- **Data for review**
--------------------------------

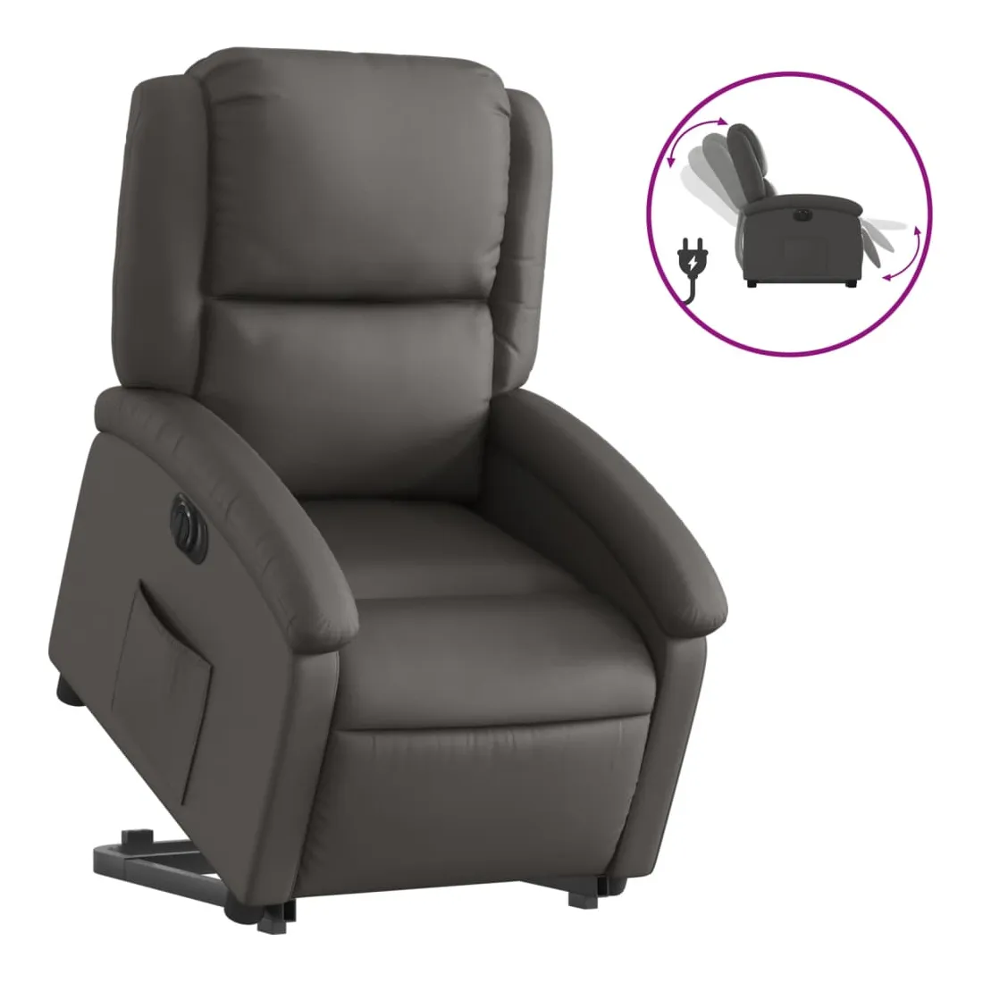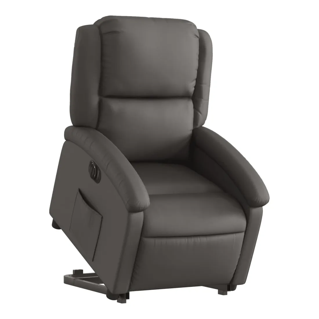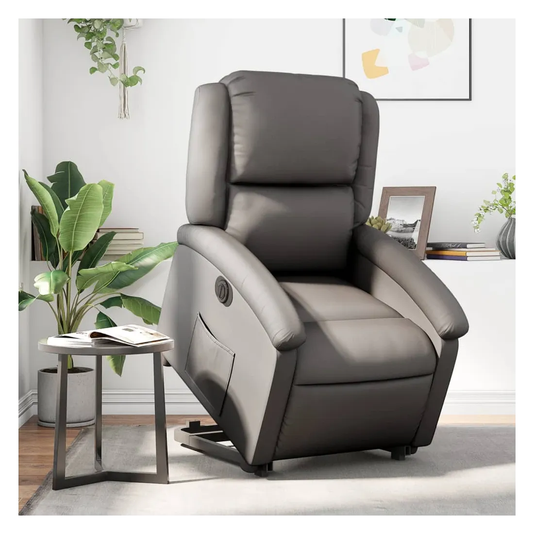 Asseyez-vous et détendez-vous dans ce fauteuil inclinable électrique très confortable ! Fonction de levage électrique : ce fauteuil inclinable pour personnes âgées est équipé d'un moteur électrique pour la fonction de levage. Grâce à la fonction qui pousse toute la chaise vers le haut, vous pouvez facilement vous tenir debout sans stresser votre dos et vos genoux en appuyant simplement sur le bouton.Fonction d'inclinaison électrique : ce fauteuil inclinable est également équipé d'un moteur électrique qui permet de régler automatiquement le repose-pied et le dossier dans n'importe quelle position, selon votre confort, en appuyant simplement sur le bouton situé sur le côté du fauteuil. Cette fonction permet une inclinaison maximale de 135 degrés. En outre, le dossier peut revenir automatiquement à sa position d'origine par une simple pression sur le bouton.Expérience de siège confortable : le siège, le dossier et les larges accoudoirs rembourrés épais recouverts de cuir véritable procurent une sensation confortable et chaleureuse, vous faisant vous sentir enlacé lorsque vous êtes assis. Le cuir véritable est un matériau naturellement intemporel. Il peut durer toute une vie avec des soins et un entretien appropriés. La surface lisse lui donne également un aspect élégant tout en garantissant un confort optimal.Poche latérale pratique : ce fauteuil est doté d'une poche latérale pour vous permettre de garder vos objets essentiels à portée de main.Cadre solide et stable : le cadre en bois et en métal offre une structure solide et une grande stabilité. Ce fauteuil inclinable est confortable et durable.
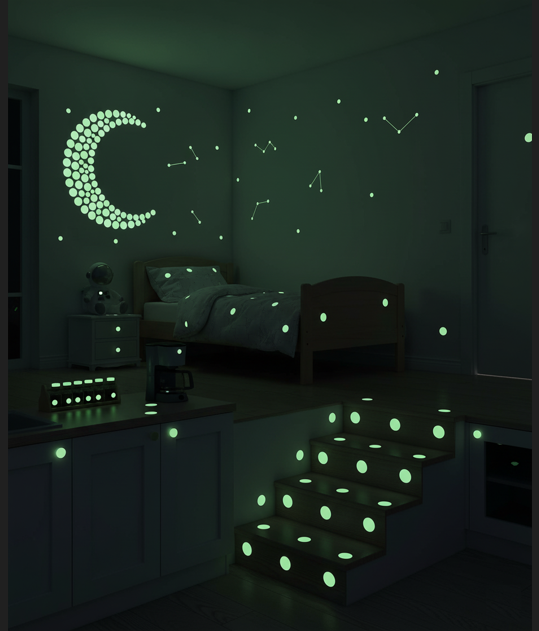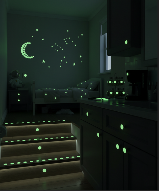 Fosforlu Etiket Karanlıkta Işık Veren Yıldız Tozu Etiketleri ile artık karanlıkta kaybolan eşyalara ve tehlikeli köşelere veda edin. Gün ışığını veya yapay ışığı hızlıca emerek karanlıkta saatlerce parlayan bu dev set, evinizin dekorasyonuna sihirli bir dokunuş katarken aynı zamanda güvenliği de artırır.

--------------------------------

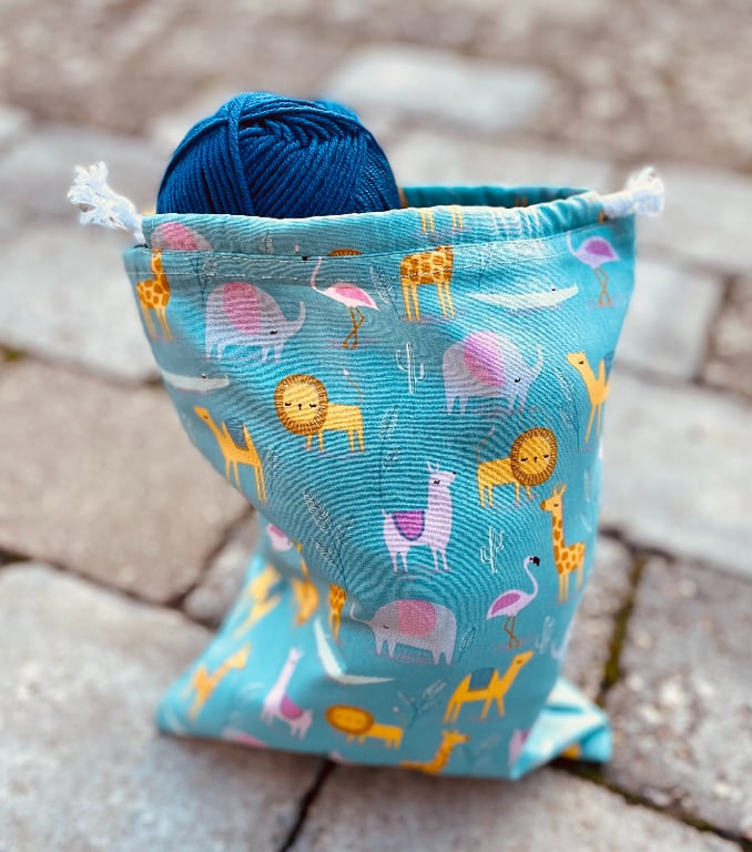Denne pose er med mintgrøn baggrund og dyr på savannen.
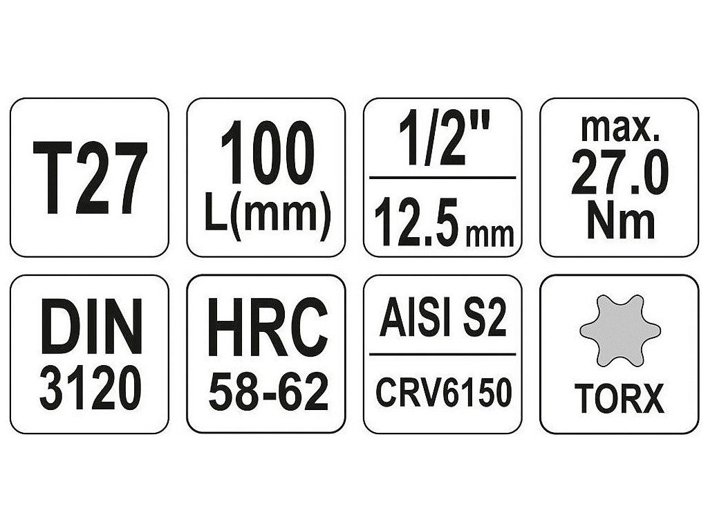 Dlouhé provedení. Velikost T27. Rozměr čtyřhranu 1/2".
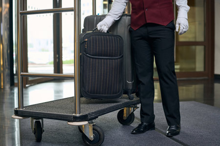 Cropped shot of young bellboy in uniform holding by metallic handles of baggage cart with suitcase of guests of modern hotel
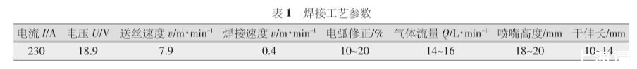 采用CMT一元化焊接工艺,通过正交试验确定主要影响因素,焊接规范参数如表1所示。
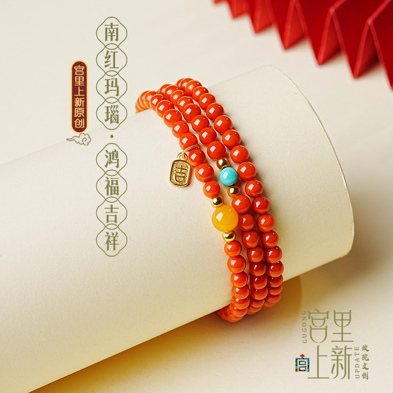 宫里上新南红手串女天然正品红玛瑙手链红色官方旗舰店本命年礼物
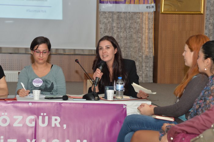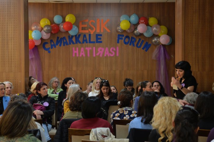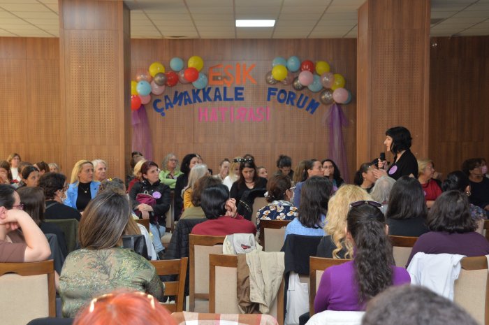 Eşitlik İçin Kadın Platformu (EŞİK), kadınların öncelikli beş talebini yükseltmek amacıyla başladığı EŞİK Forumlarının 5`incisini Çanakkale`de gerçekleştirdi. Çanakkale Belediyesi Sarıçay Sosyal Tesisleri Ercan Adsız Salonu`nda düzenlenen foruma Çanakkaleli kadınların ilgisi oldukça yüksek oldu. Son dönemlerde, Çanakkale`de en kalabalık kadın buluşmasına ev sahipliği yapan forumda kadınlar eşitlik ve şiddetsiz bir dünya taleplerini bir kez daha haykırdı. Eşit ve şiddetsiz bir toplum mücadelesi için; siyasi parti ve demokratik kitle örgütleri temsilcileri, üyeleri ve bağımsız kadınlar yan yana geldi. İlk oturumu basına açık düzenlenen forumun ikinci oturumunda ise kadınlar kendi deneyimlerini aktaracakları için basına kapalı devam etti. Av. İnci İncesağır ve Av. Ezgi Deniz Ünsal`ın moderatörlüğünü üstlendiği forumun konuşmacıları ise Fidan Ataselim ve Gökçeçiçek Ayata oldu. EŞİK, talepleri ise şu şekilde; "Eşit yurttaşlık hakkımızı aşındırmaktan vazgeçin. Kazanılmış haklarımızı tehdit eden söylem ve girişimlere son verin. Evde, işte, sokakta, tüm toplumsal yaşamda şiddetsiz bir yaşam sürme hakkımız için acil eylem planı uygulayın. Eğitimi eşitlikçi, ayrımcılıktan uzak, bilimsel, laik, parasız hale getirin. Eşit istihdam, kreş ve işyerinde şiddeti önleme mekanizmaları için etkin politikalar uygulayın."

--------------------------------

- **Exercise**
Only the lines between the one with "Denne pose er" and the one with "宫里上新南红手串女天然正品红玛瑙手链红色官方旗舰店本命年礼物", those two included, get copied from the material above. Keep it exact and free of pictures.

- **Exercise solution**
Denne pose er med mintgrøn baggrund og dyr på savannen.
 Dlouhé provedení. Velikost T27. Rozměr čtyřhranu 1/2".
 Cropped shot of young bellboy in uniform holding by metallic handles of baggage cart with suitcase of guests of modern hotel
 采用CMT一元化焊接工艺,通过正交试验确定主要影响因素,焊接规范参数如表1所示。
 宫里上新南红手串女天然正品红玛瑙手链红色官方旗舰店本命年礼物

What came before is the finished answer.